Lack of palliative care policies
At the global level, numerous policies, resolutions and guidelines clearly outline the need for access to medications for pain treatment20. The WHO Essential Medicines List21 includes opioid analgesics22. However, at the national level, policy development is challenging. Many countries do not have cancer control policies. Indeed in 2006, only two countries in Africa had a cancer control programme23. It is thought that 38 countries worldwide have either a stand-alone national hospice and palliative care policy, or palliative care is integrated within the existing national health, HIV or cancer policy24. While many countries have opioids on their essential drugs list, this does not seem to be reflected in the consumption figures of opioid analgesics as reported by the International Narcotics Control Board. The need for palliative care policies and integration of palliative care into existing HIV, health and cancer policies is fundamental to the development of palliative care services and the availability of analgesics.

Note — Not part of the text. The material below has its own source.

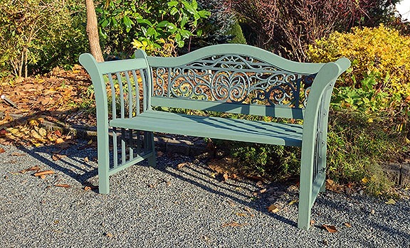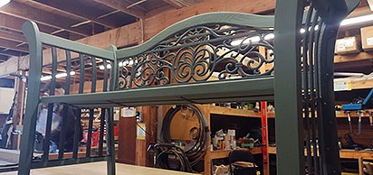Another beautiful bench comes together with a hand-painted rose. Wood and iron together always work well.

Fear, myths and misunderstandings
Fear, myths and misunderstandings around the use of opioid analgesics, including morphine cut across many of the issues which create barriers to its availability. One of the most pressing common fears which has been shown to limit prescribing by health professionals and attitudes of patients and family members is the fear of dependency and addiction. However, a systematic review of research papers showed that only 0.43% of patients with no previous history of substance abuse treated with opioid analgesics to relieve pain abused their medication and only 0.05% developed dependence syndrome25. In relation to diversion, the experiences of countries such as Romania and Uganda show that in relatively low-resource settings, systems can be put in place that ensure the availability of opioids for medicinal use while minimising diversion. This is fully in line with the WHO and INCB recommendations: a balance needs to be achieved between ensuring that drugs are available for medicinal and scientific purposes, while addressing misuse and diversion. A common fear of health professionals and family members is that opioid analgesics, including morphine, will hasten death. The primary focus of palliative care and the administration of pain treatment is to improve quality of life and reduce suffering and not to hasten death. Indeed, there is some evidence that palliative care may in fact extend life26. There are considerable misunderstandings around the cost of pain treatment. In Uganda, the cost of 10 days’ pain treatment using morphine costs the same as a loaf of bread27. Yet, it is clear that in some countries, costs are significantly higher due to high importation taxes on morphine powder28 or costing structures. There also remains the challenge that more expensive, sustained release morphine is often made available in countries, rather than the more affordable, immediate release morphine, despite this not being to the patients’ clinical benefit29.